* **Action item**: Please find the lines in the entries below that contain the word "with", and copy each one.

### Listed entries

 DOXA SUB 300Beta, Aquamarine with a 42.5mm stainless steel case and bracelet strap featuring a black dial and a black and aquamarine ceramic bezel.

######
### Listed entries

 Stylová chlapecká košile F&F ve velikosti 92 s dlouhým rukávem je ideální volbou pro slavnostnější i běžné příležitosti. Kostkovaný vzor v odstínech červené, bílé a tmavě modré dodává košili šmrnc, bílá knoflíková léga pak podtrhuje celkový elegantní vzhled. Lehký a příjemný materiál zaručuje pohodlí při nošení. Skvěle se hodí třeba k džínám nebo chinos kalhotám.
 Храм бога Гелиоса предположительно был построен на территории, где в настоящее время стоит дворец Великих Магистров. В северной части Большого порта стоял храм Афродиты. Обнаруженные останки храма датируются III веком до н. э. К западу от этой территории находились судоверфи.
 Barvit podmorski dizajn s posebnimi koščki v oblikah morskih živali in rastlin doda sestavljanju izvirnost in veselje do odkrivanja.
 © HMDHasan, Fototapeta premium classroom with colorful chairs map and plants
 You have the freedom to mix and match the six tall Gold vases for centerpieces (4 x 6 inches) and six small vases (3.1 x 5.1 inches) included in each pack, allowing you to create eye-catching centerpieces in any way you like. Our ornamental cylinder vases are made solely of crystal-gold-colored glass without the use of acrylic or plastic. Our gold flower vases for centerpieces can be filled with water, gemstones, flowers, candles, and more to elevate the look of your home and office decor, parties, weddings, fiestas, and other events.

######

* **Response**:
 DOXA SUB 300Beta, Aquamarine with a 42.5mm stainless steel case and bracelet strap featuring a black dial and a black and aquamarine ceramic bezel.
 © HMDHasan, Fototapeta premium classroom with colorful chairs map and plants
 You have the freedom to mix and match the six tall Gold vases for centerpieces (4 x 6 inches) and six small vases (3.1 x 5.1 inches) included in each pack, allowing you to create eye-catching centerpieces in any way you like. Our ornamental cylinder vases are made solely of crystal-gold-colored glass without the use of acrylic or plastic. Our gold flower vases for centerpieces can be filled with water, gemstones, flowers, candles, and more to elevate the look of your home and office decor, parties, weddings, fiestas, and other events.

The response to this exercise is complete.